Choosing The Right Kayak
Published: June 3rd, 2020
By: Eric Davis

Choosing the Right Kayak Evening Sun File Photo

Now that June is here, I think it is safe to start thinking about the summer without too much worry about cold temperatures, or even snow. A popular warm weather activity is kayaking.

Whether floating down a river or paddling around a lake or pond, spending time right at the water’s surface can be relaxing and relieve stress. However, if you are ill-prepared when you go to the store, you could end up with a kayak that is not best suited for what you are doing. The store likely has multiple options to choose from, but how do you know what to pick?

Kayaks can be easily split into two categories: sit-in and sit-on. Sit-in kayaks have an opening on the top where you slide your feet and legs in before sitting on the seat. Your lower body ends up encapsulated by the kayak. This type of kayak allows you to ride lower that most sit-on kayaks while keeping you mostly dry. Many sit-in kayaks will have at least one air-tight compartment where you can put valuables and electronics, so they will not get wet.

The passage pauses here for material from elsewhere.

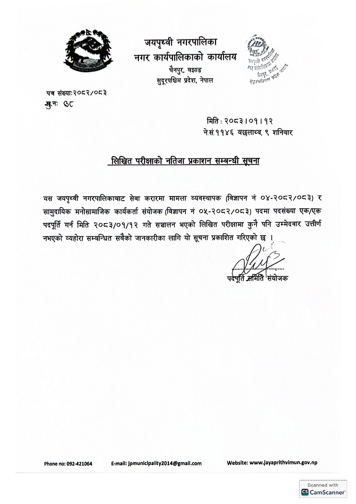 मामला व्यवस्थापक पद र सामुदायिक मनोसामाजिक कार्यकर्ता पदको नतिजा प्रकाशन गरिएको बारे जयपृथ्वी नगरपालिकाको सूचना !!!

A common worry people have with sit-in kayaks is that if the kayak capsizes, they will not be able to get their legs out of the kayak and will be stuck underwater. Sit-on kayaks are kayaks where your legs and feet stay on top of the kayak when you are using it. Sit-on kayaks ride higher than sit-in kayaks so they can feel light they want to tip over more but allow you to go through shallower water without getting stuck on the bottom. Most sit-on kayaks have some holes around the seat in them to allow some water to displace up through when the user sits on the kayak, so the user typically ends up with a wet rear end.

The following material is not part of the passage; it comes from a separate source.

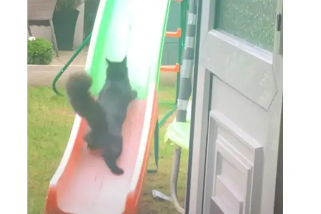영상을 촬영한 사람은 이 모습을 꾸준히 기록했습니다. 고양이는 미끄럼틀을 빠르게 오르더니 다시 미끄러져 내려왔습니다.

In addition to choosing the style of kayak, you will also need to choose a hull length for your kayak. Many youth kayaks come in lengths under 10 feet. This allows for a lighter boat, so paddling is easier for young arms. With a good amount of weight in them, short kayaks do not track very well. Tracking refers to the kayak’s tendency to stay straight if you stop paddling while moving forward. A kayak that does not track well will zigzag with every stroke of the paddle, making the user must paddle more to keep it straight and getting tired sooner. For long excursions, 14 and 16-foot models make for easier paddling as they glide through the water and track better. If you get too long of a kayak, you may have difficulty maneuvering in and around obstacles such as stumps or downed trees. The go-to length for around our area would be either 10 or 12 feet. If you are thinking of doing some camping out of your kayak (available at a few lakes in the Adirondacks), a longer kayak will have more cargo space than a shorter one.

The third thing to ponder is what are you planning to do with the kayak because there are some specialized models on the market. The main one that comes to mind is fishing kayaks. These kayaks come outfitted with varying degrees of bells and whistles for those planning to fish out of them. The simplest ones have a couple of rod holders and some storage of gear and tackle. Higher end models come with battery compartments and fish finder mounts preinstalled. While these models are designed to make fishing in the kayak easier, it is possible to fish out of a “regular” kayak (I do).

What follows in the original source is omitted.